The pool house appeared before them, long and low, ornate globe lamps glowing through the rising mist. There were guards inside; Gabriel could just make them out through the fogged windows. One of them appeared to be leading a tiny robed figure.
And then Gabriel felt a searing pain in his right kidney. His back arched, his face tilted upward, and for an instant he saw the stiletto tips of the pine trees stretching toward the heavens, and in his agony the heavens were a van Gogh riot of color and motion and light. Then the second blow fell, this one at the back of his head. The heavens turned to black, and he collapsed, facedown, in the snow.
44
NIDWALDEN , SWITZERLAND
G BRIEL OPENED ONE EYE, then, slowly, the other. He might as well have kept them closed, because the darkness was perfect. Absolute black, he thought. Theoretical black.
It was bitterly cold, the floor rough concrete, the air heavy with sulphur and damp. His hands were cuffed behind him with his palms pointed out, so that the muscles of his shoulders burned with lactic acid. He tried to imagine the contorted position of his body and limbs: right cheek and right shoulder pressed against the concrete; left shoulder in the air; pelvis twisted; legs knotted. He thought of art school-the way the teachers used to twist the limbs of the models to expose muscle and sinew and form. Perhaps he was just a model for some Swiss Expressionist painting. Man in a Torture Chamber -artist unknown.
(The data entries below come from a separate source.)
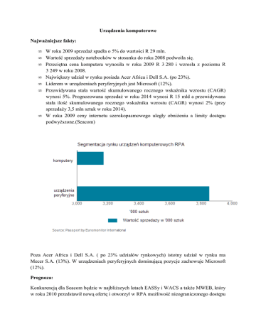 Urządzenia komputerowe Najważniejsze fakty: • W roku 2009 sprzedaż spadła o 5% do wartości R 29 mln. • Wartość sprzedaży notebooków w stosunku do roku 2008 podwoiła się. • Przeciętna cena komputera wynosiła w roku 2009 R 3 280 i wzrosła z poziomu R 3 249 w roku 2008. • Największy udział w rynku posiada Acer Africa i Dell S.A. (po 23%). • Liderem w urządzeniach peryferyjnych jest Microsoft (12%). • Przewidywana stała wartość skumulowanego rocznego wskaźnika wzrostu (CAGR) wynosi 5%. Prognozowana sprzedaż w roku 2014 wynosi R 15 mld a przewidywana stała ilość skumulowanego rocznego wskaźnika wzrostu (CAGR) wynosi 2% (przy sprzedaży 3,5 mln sztuk w roku 2014). • W roku 2009 ceny internetu szerokopasmowego uległy obniżeniu a limity dostępu podwyższone.(Seacom) Poza Acer Africa i Dell S.A. ( po 23% udziałów rynkowych) istotny udział w rynku ma Mecer S.A. (13%). W urządzeniach peryferyjnych dominującą pozycje zachowuje Microsoft (12%). Prognoza: Konkurencją dla Seacom będzie w najbliższych latach EASSy i WACS a także MWEB, który w roku 2010 przedstawił nową ofertę i otworzył w RPA możliwość nieograniczonego dostępu do szerokopasmowego internetu. Jakkolwiek oferta ta jest dostępna tylko dla linii ADSL, która nadal jest kosztowna i co sprawia, że internet pozostaje wciąż narzędziem dla zamożniejszych mieszkańców kraju. Żródło: Euromonitor International Kurs na dzień 25.11.2012 : 1 USD = 8,80 R Oprac.: WPHI Johannesburg
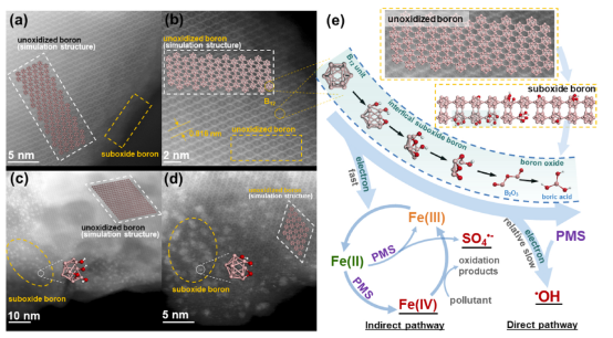 图5 5次循环试验后(a, b)原始硼和(c, d)残留硼的HAADF-STEM图像,(e)硼/铁(III)/PMS体系的机理[9]。
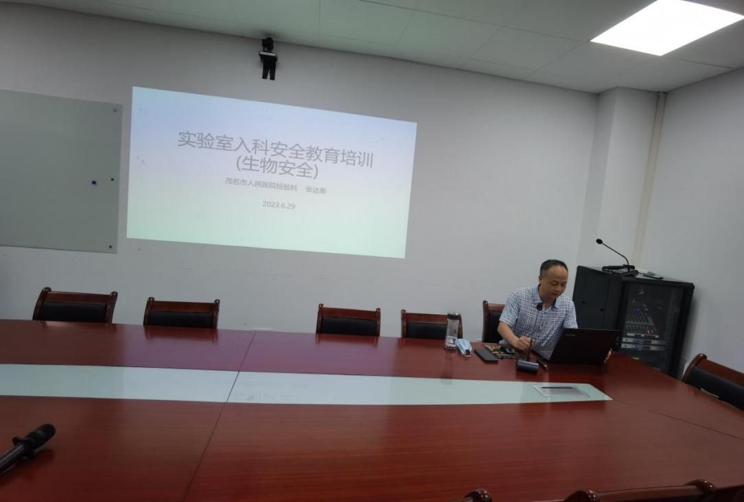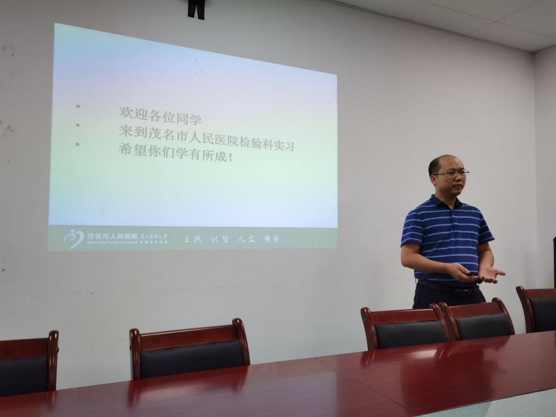 为规范化管理实习生,提高教学水平,6月29日下午,茂名市人民医院检验科组织开展了新一届实习生入科教育,检验科主任陈宇锋主持并组织培训。
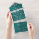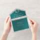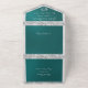 Romantic Heart, Ribbon & Glitter on Teal All In One Invitation
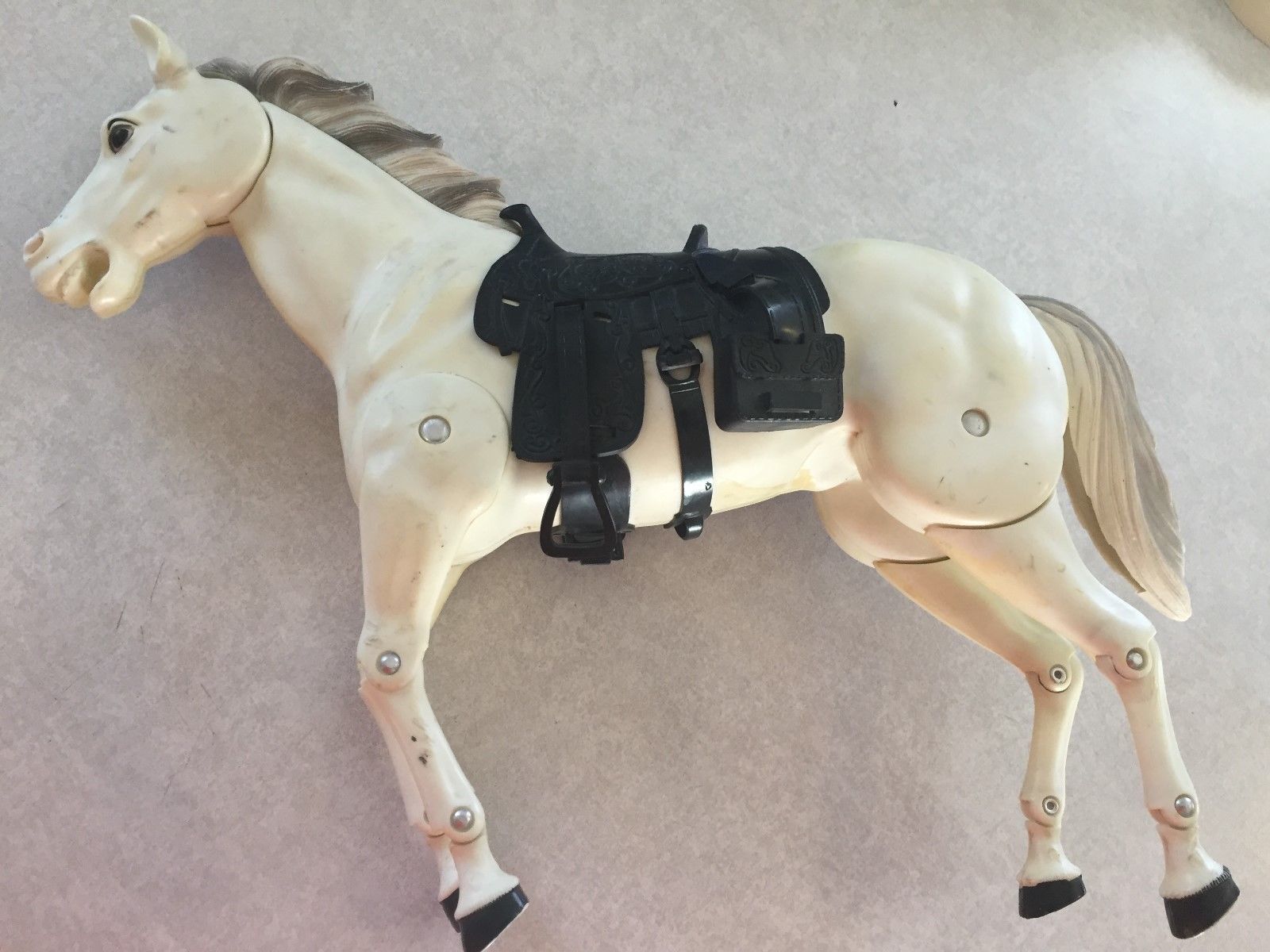 Title (ebay affiliate link): Rare Vintage 1973 ? Lone Ranger''s Horse pose-able Silver approx. 12" w/ saddle
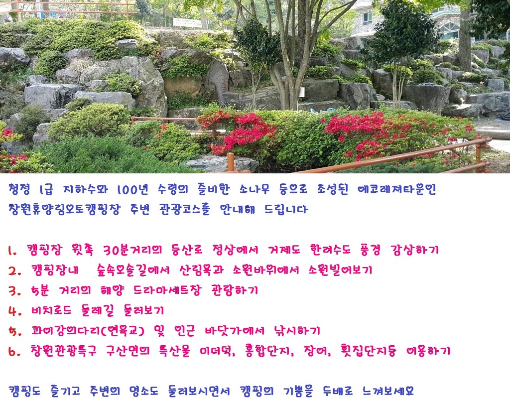 [[공지사항]]캠핑장주변 관광코스 안내 작성자창원휴양림오토캠핑|작성시간16.05.25|조회수4,515 목록 댓글 0 글자크기 작게가 글자크기 크게가 다음검색 현재 게시글 추가 기능 열기 북마크 공유하기 신고 센터로 신고 댓글 댓글 0 댓글쓰기 답글쓰기 댓글 리스트
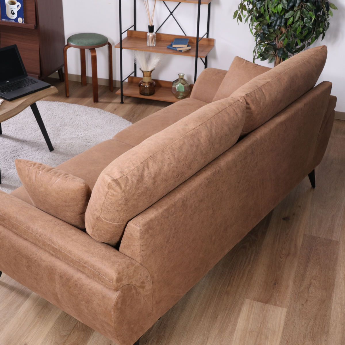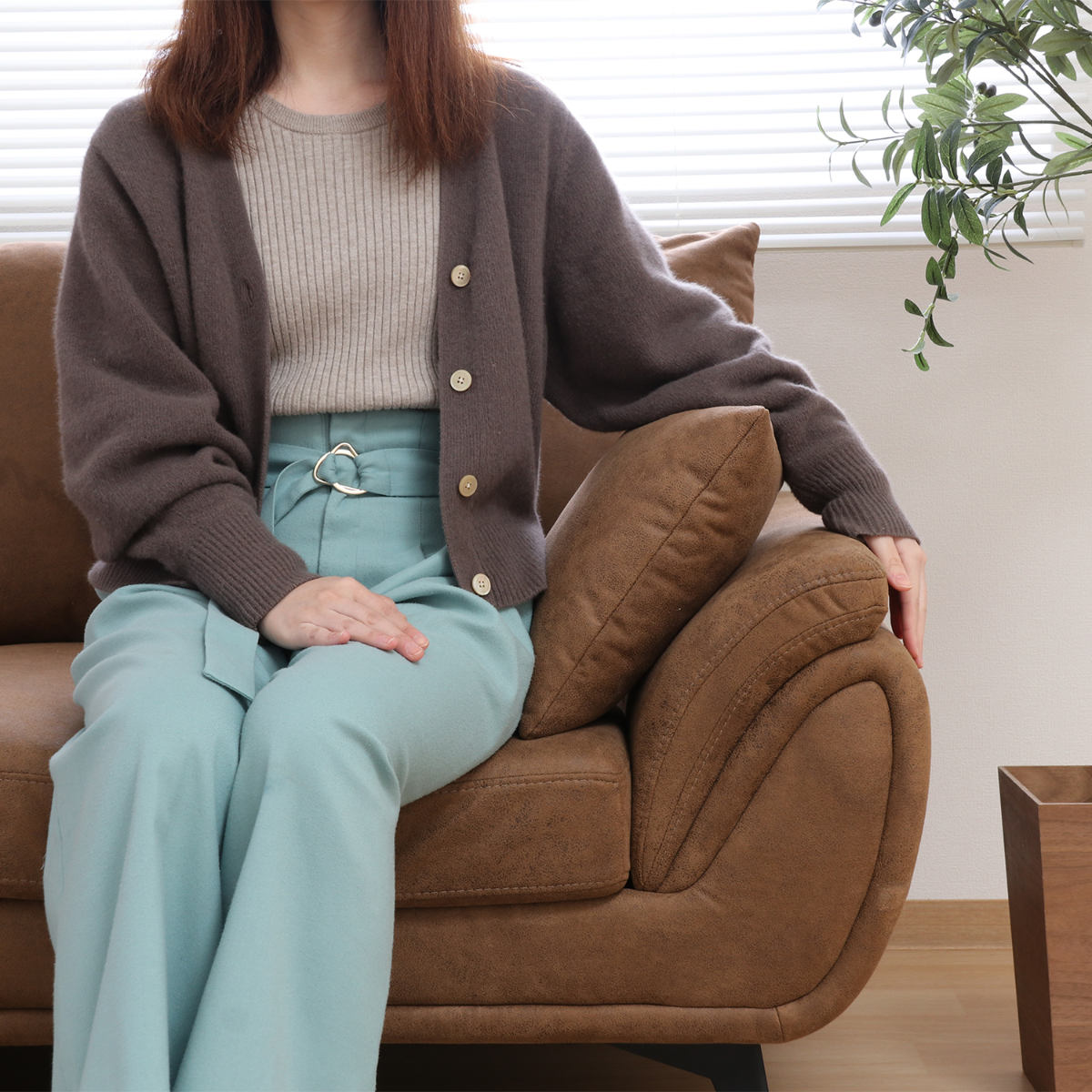 ポケットコイルが入った座面はしっかりとした座り心地で、シリコンフィル入りの背もたれは柔らかく腰当たりの良いソファです。
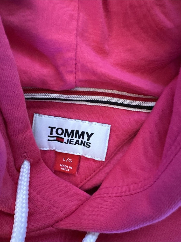 This Tommy Hilfiger Sport Sweater is a women's pink hoodie in size L made of polyester and rayon. It features a full zip closure and long sleeves, making it suitable for activewear during various seasons such as winter, summer, fall, and spring. The hoodie is designed with a hood, Tommy Hilfiger logo accents, and is styled with a regular fit, perfect for activities like walking, beach outings, volleyball, hiking, and running & jogging. 1255

He closed his eyes and tried to right himself, but the slightest contraction of his back muscles set his right kidney on fire. Grunting, he fought through the pain, and managed to set himself upright. He leaned his head against the wall and winced. The second blow had left a knot the size of an egg at the back of his head.
He dragged his fingertips over the wall: bare rock; granite, he supposed. Wet and slick with moss. A cave? A grotto of some sort? Or just another vault? The Swiss and their damned vaults. He wondered if they would leave him here forever, like a gold bar or a Burgundian armchair.
The silence, like the darkness, was complete. Nothing from above or below. No voices, no barking dogs, no wind or weather; just a silence which sang in his ear like a tuning fork.
He wondered how Peterson had done it.